--- What is needed ---
Return all the entries word for word, minus the pictures.
*** Provided information Section Begins ***
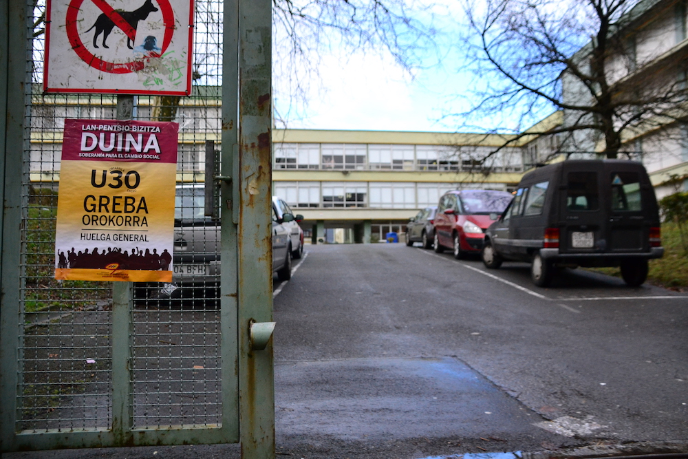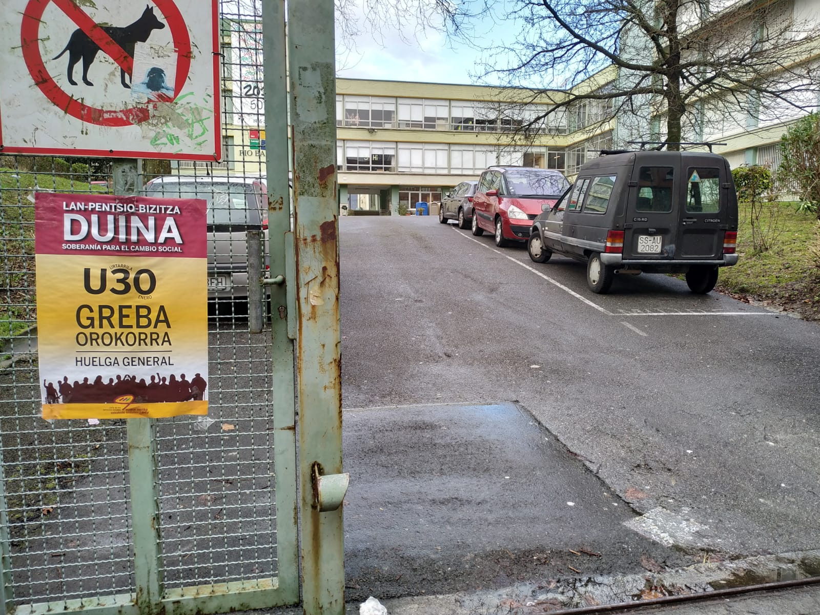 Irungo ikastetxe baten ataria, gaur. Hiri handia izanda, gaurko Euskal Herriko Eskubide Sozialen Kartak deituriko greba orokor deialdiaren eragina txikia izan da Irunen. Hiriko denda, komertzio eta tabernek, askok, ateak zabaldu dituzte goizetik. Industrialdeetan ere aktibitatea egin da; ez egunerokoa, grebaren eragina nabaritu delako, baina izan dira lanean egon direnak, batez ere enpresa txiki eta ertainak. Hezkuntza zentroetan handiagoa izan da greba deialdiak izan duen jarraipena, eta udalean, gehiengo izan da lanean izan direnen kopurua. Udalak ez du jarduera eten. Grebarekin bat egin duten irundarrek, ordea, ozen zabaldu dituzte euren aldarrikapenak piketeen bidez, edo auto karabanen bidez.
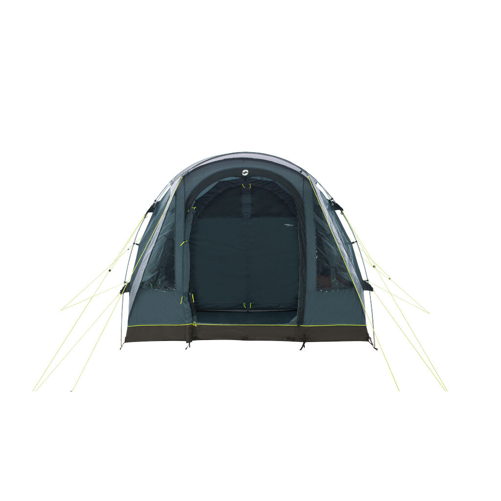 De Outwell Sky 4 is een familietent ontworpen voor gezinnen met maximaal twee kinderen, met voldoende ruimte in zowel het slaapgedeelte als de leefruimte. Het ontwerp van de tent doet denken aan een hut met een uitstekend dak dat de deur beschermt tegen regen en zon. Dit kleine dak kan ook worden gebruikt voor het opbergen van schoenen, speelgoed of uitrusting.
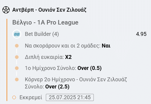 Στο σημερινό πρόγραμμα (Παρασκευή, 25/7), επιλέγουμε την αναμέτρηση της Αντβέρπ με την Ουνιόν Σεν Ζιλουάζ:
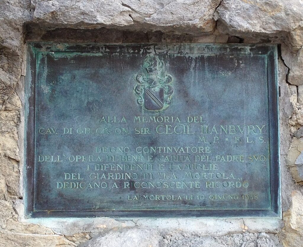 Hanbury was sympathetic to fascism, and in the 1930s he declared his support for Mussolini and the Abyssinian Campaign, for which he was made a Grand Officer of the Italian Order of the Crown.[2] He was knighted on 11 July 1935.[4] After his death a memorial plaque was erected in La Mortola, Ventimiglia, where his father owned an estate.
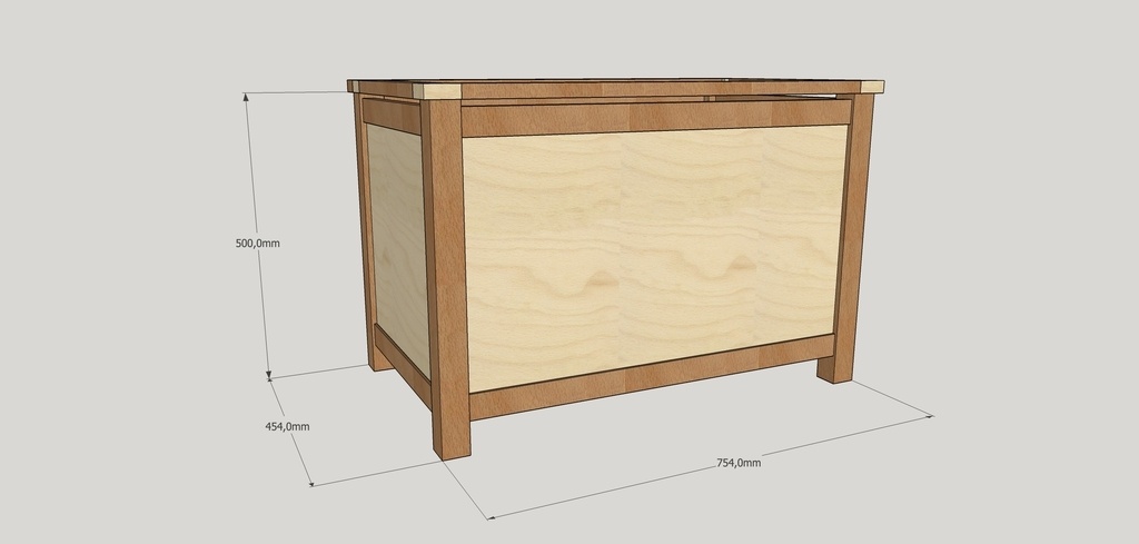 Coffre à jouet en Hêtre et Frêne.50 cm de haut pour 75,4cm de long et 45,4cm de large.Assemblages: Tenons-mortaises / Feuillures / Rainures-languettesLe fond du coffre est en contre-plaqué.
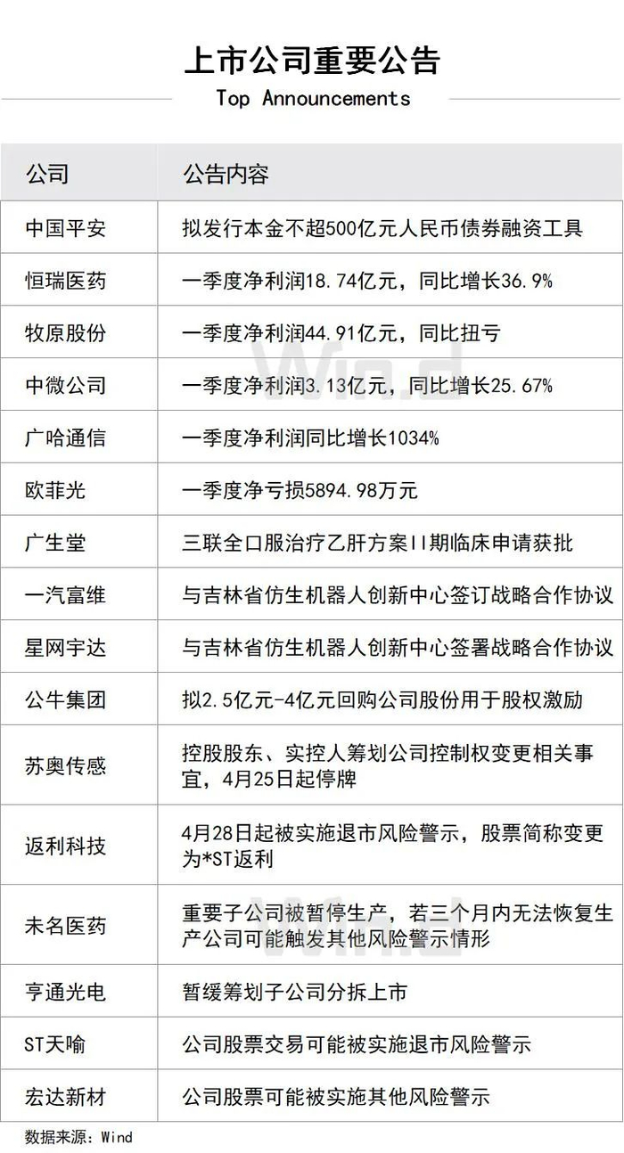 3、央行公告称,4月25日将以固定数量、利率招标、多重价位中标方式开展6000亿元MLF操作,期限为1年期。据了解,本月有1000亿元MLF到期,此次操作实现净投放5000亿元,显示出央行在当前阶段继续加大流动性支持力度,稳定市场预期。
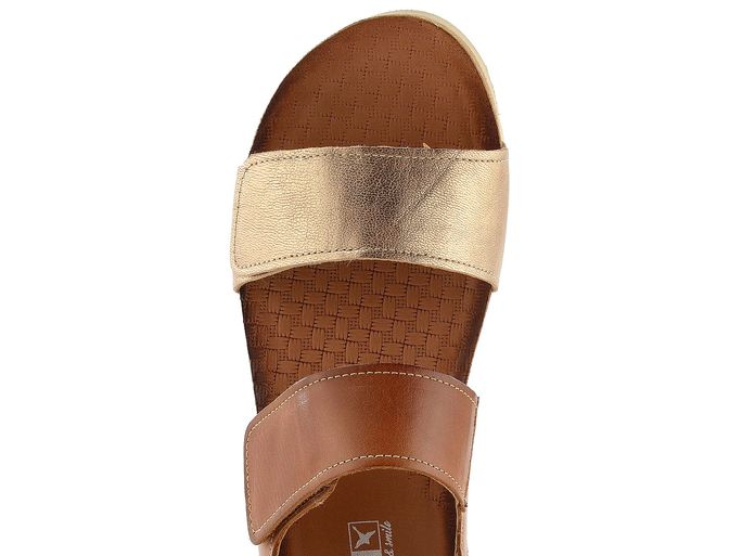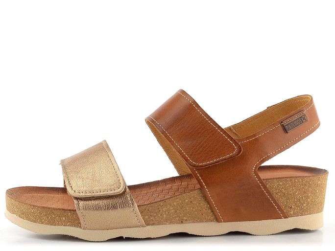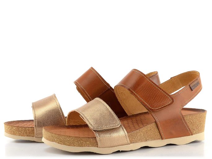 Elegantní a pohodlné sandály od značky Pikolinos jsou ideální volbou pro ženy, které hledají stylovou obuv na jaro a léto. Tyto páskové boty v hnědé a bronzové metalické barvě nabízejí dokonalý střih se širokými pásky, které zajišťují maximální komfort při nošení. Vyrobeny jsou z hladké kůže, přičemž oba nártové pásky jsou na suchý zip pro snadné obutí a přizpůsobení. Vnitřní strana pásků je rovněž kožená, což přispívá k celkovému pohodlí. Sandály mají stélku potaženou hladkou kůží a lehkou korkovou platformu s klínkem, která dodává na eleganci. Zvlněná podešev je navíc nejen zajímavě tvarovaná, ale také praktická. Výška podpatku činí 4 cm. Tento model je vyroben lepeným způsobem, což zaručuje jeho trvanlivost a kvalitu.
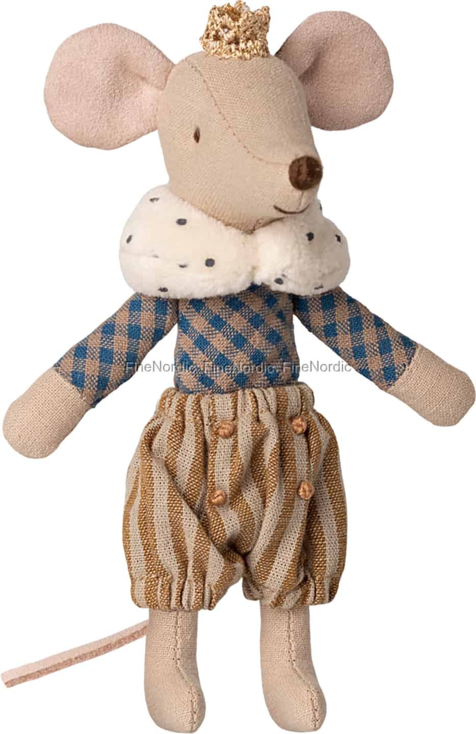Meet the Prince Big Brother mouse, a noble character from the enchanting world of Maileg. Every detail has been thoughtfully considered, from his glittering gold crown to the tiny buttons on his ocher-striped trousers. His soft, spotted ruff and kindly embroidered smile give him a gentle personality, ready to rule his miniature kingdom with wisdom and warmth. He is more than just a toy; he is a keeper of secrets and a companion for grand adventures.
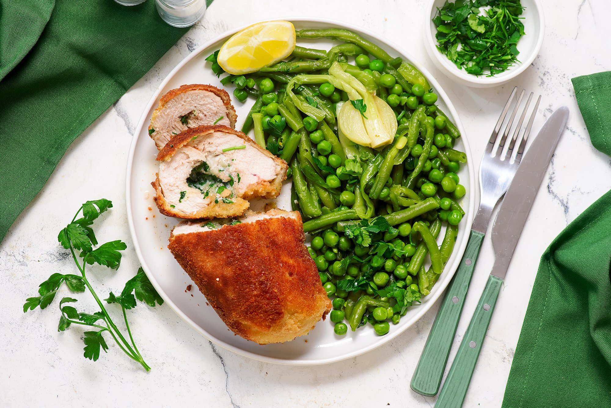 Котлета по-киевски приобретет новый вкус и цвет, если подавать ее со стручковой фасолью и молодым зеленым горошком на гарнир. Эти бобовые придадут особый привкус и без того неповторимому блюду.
*** Provided information Section Ends ***
--- Completed task ---
 Irungo ikastetxe baten ataria, gaur. Hiri handia izanda, gaurko Euskal Herriko Eskubide Sozialen Kartak deituriko greba orokor deialdiaren eragina txikia izan da Irunen. Hiriko denda, komertzio eta tabernek, askok, ateak zabaldu dituzte goizetik. Industrialdeetan ere aktibitatea egin da; ez egunerokoa, grebaren eragina nabaritu delako, baina izan dira lanean egon direnak, batez ere enpresa txiki eta ertainak. Hezkuntza zentroetan handiagoa izan da greba deialdiak izan duen jarraipena, eta udalean, gehiengo izan da lanean izan direnen kopurua. Udalak ez du jarduera eten. Grebarekin bat egin duten irundarrek, ordea, ozen zabaldu dituzte euren aldarrikapenak piketeen bidez, edo auto karabanen bidez.
 De Outwell Sky 4 is een familietent ontworpen voor gezinnen met maximaal twee kinderen, met voldoende ruimte in zowel het slaapgedeelte als de leefruimte. Het ontwerp van de tent doet denken aan een hut met een uitstekend dak dat de deur beschermt tegen regen en zon. Dit kleine dak kan ook worden gebruikt voor het opbergen van schoenen, speelgoed of uitrusting.
 Στο σημερινό πρόγραμμα (Παρασκευή, 25/7), επιλέγουμε την αναμέτρηση της Αντβέρπ με την Ουνιόν Σεν Ζιλουάζ:
 Hanbury was sympathetic to fascism, and in the 1930s he declared his support for Mussolini and the Abyssinian Campaign, for which he was made a Grand Officer of the Italian Order of the Crown.[2] He was knighted on 11 July 1935.[4] After his death a memorial plaque was erected in La Mortola, Ventimiglia, where his father owned an estate.
 Coffre à jouet en Hêtre et Frêne.50 cm de haut pour 75,4cm de long et 45,4cm de large.Assemblages: Tenons-mortaises / Feuillures / Rainures-languettesLe fond du coffre est en contre-plaqué.
 3、央行公告称,4月25日将以固定数量、利率招标、多重价位中标方式开展6000亿元MLF操作,期限为1年期。据了解,本月有1000亿元MLF到期,此次操作实现净投放5000亿元,显示出央行在当前阶段继续加大流动性支持力度,稳定市场预期。
 Elegantní a pohodlné sandály od značky Pikolinos jsou ideální volbou pro ženy, které hledají stylovou obuv na jaro a léto. Tyto páskové boty v hnědé a bronzové metalické barvě nabízejí dokonalý střih se širokými pásky, které zajišťují maximální komfort při nošení. Vyrobeny jsou z hladké kůže, přičemž oba nártové pásky jsou na suchý zip pro snadné obutí a přizpůsobení. Vnitřní strana pásků je rovněž kožená, což přispívá k celkovému pohodlí. Sandály mají stélku potaženou hladkou kůží a lehkou korkovou platformu s klínkem, která dodává na eleganci. Zvlněná podešev je navíc nejen zajímavě tvarovaná, ale také praktická. Výška podpatku činí 4 cm. Tento model je vyroben lepeným způsobem, což zaručuje jeho trvanlivost a kvalitu.
Meet the Prince Big Brother mouse, a noble character from the enchanting world of Maileg. Every detail has been thoughtfully considered, from his glittering gold crown to the tiny buttons on his ocher-striped trousers. His soft, spotted ruff and kindly embroidered smile give him a gentle personality, ready to rule his miniature kingdom with wisdom and warmth. He is more than just a toy; he is a keeper of secrets and a companion for grand adventures.
 Котлета по-киевски приобретет новый вкус и цвет, если подавать ее со стручковой фасолью и молодым зеленым горошком на гарнир. Эти бобовые придадут особый привкус и без того неповторимому блюду.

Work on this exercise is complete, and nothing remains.